Prior work in visual dialog has focused on training deep neural models on the
VisDial dataset in isolation, which has led to great progress, but is limiting
and wasteful. In this work, following recent trends in representation learning
for language, we introduce an approach to leverage pretraining on related
large-scale vision-language datasets before transferring to visual dialog.
Specifically, we adapt the recently proposed ViLBERT (Lu et al., 2019) model
for multi-turn visually-grounded conversation sequences. Our model is
pretrained on the Conceptual Captions and Visual Question Answering datasets,
and finetuned on VisDial with a VisDial-specific input representation and the
masked language modeling and next sentence prediction objectives (as in BERT).
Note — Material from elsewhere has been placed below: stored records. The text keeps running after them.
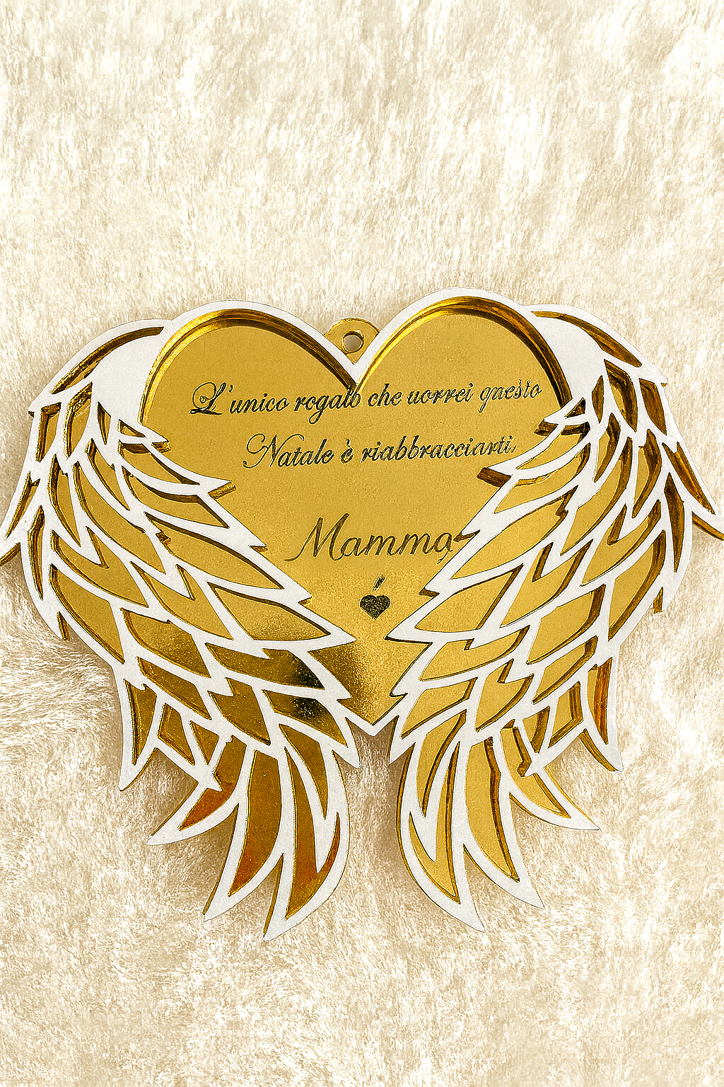 Il cuore reca incisa una dedica toccante, che parla al cuore di chi non c’è più: “L’unico regalo che vorrei questo Natale è un abbraccio, [Nome da personalizzare]”.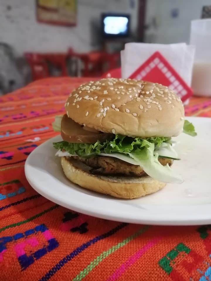 Hamburguesa con pollo, queso manchego, lechuga, jitomate, cebolla, jalapeño y pepino.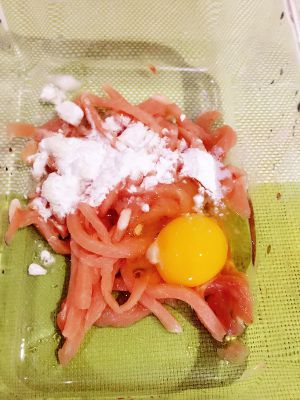 里脊切丝,打入一个鸡蛋,一勺淀粉

Our best single model achieves state-of-the-art on Visual Dialog, outperforming
prior published work (including model ensembles) by more than 1% absolute on
NDCG and MRR.
Next, we carefully analyse our model and find that additional finetuning
using ‘dense’ annotations i.e. relevance scores for all 100 answer options
corresponding to each question on a subset of the training set, leads to even
higher NDCG — more than 10% over our base model — but hurts MRR — more than
17% below our base model! This highlights a stark trade-off between the two
primary metrics for this task — NDCG and MRR. We find that this is because
dense annotations in the dataset do not correlate well with the original
ground-truth answers to questions, often rewarding the model for generic
responses (e.g. “can’t tell”).